Model Request and Response Formats
Every model function in Cloudera Machine Learning takes a single argument in the form of a JSON-encoded object, and returns another JSON-encoded object as output. This format ensures compatibility with any application accessing the model using the API, and gives you the flexibility to define how JSON data types map to your model's datatypes.
Model Requests
When making calls to a model, keep in mind that JSON is not suitable for very large requests and has high overhead for binary objects such as images or video. Consider calling the model with a reference to the image or video such as a URL instead of the object itself. Requests to models should not be more than 5 MB in size. Performance may degrade and memory usage increase for larger requests.
Ensure that the JSON request represents all objects in the request or response of a model call. For example, JSON does not natively support dates. In such cases consider passing dates as strings, for example in ISO-8601 format, instead.

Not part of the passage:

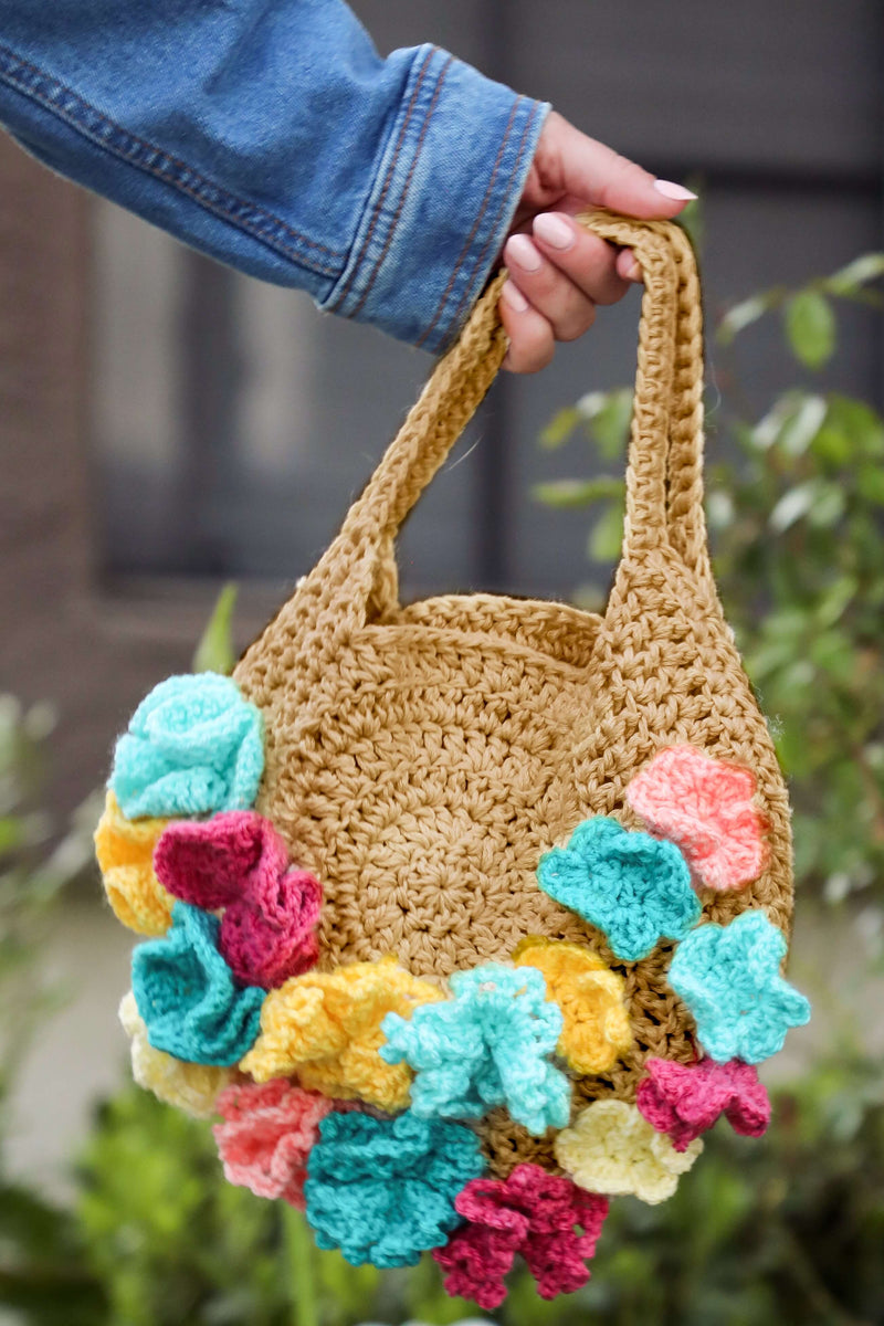 A vibrant and whimsical bag to add to any summer outfit! An overflowing basket full of flowers but its even better because it’s out of yarn! This works up quick and the flowers are so simple to make!
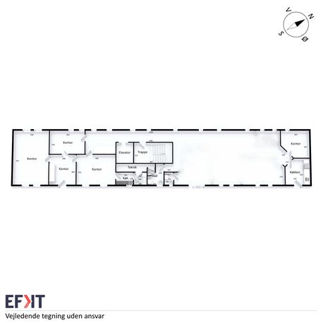 Nuværende indretning indeholder 7-8 kontorer i forskellige størrelser, te-køkken, samt tre toiletter, hvoraf det ene inkluderer et bad. Generelt er lejemålet lyst og rummelig - et ideelt lejemål der kan danne rammerne for virksomheden, der ønsker en central beliggenhed i Aarhus.

For a simple example of how to pass JSON arguments to the model function and make calls to deployed model, see Creating and Deploying a Model.
Model Responses
Models return responses in the form of a JSON-encoded object. Model response times depend on how long it takes the model function to perform the computation needed to return a prediction. Model replicas can only process one request at a time. Concurrent requests are queued until a replica is available to process them.

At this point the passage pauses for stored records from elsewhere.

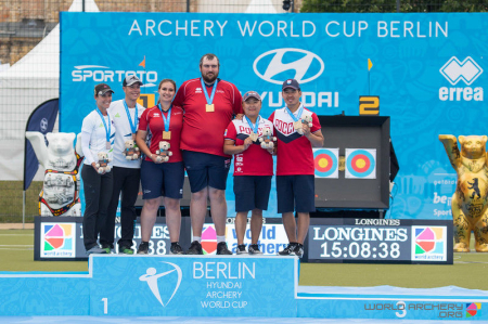 В споре смешанных пар по стрельбе из блочного лука за третье место армеец Александр Дамбаев и Виктория Бальжанова одержали победу над представителями Италии (151:149). Победителями этапа стали спортсмены из Великобритании, которые в финале оказались сильнее лучников из Словении (156:155).
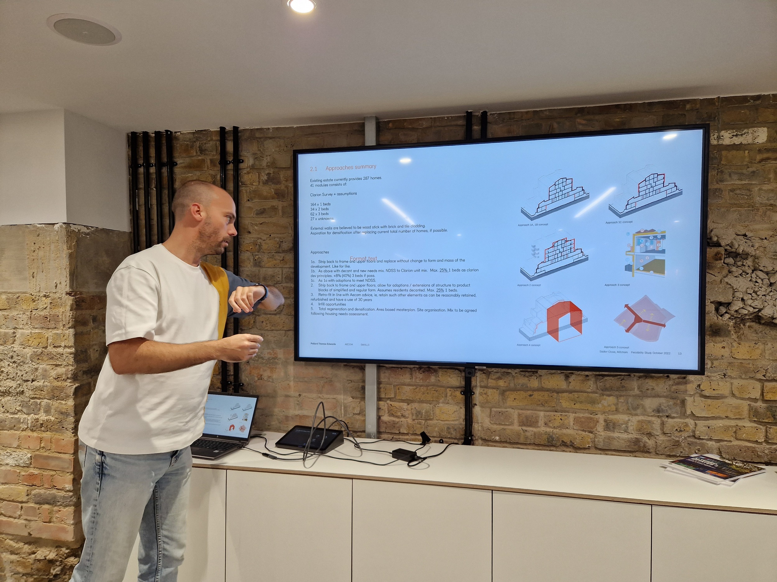There were three surgeries this month. The sustainability surgery, led by partner Simon Whitley, explored the opportunities and constraints of light, partial and deep retrofit. Meanwhile, Alexander Dixon held a drop-in IT surgery and Laura Binaburo and Javi Martín hosted a BIM surgery.
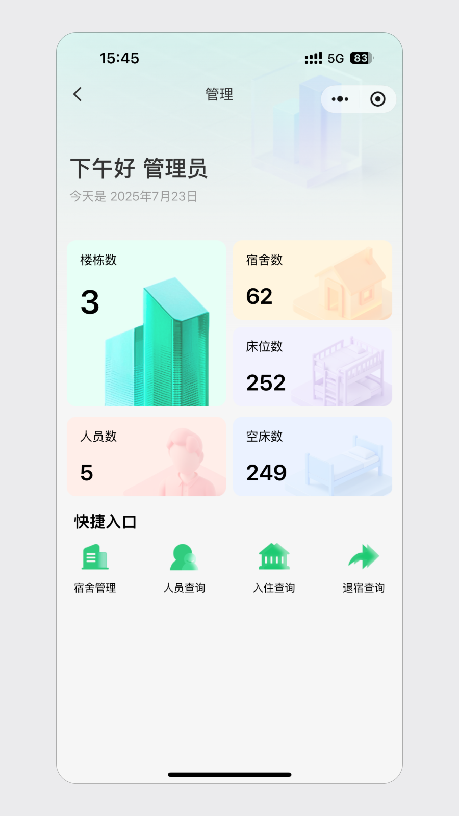 小程序支持多种角色:管理员、宿管、教师、入住学生,每个角色权限清晰,既保证了数据安全,又让管理分工更合理。

When Cloudera Machine Learning receives a call request for a model,
it attempts to find a free replica that can answer the call. If the first arbitrarily selected
replica is busy, Cloudera Machine Learning will keep trying to contact a free replica
for 30 seconds. If no replica is available, Cloudera Machine Learning will return a
model.busy
error with HTTP status code 429 (Too Many Requests). If you see
such errors, re-deploy the model build with a higher number of replicas.
Model request timeout
You can set the model request timeout duration to a custom value. The default value is 30 seconds. The timeout can be changed if model requests might take more than 30 seconds.
- As an Admin user, open a CLI.
- At the prompt, execute the following command. Substitute
<value>
with the number of seconds to set.kubectl set env deployment model-proxy MODEL_REQUEST_TIMEOUT_SECONDS=<value> -n mlx
This edits the kubeconfig file and sets a new value for the timeout duration.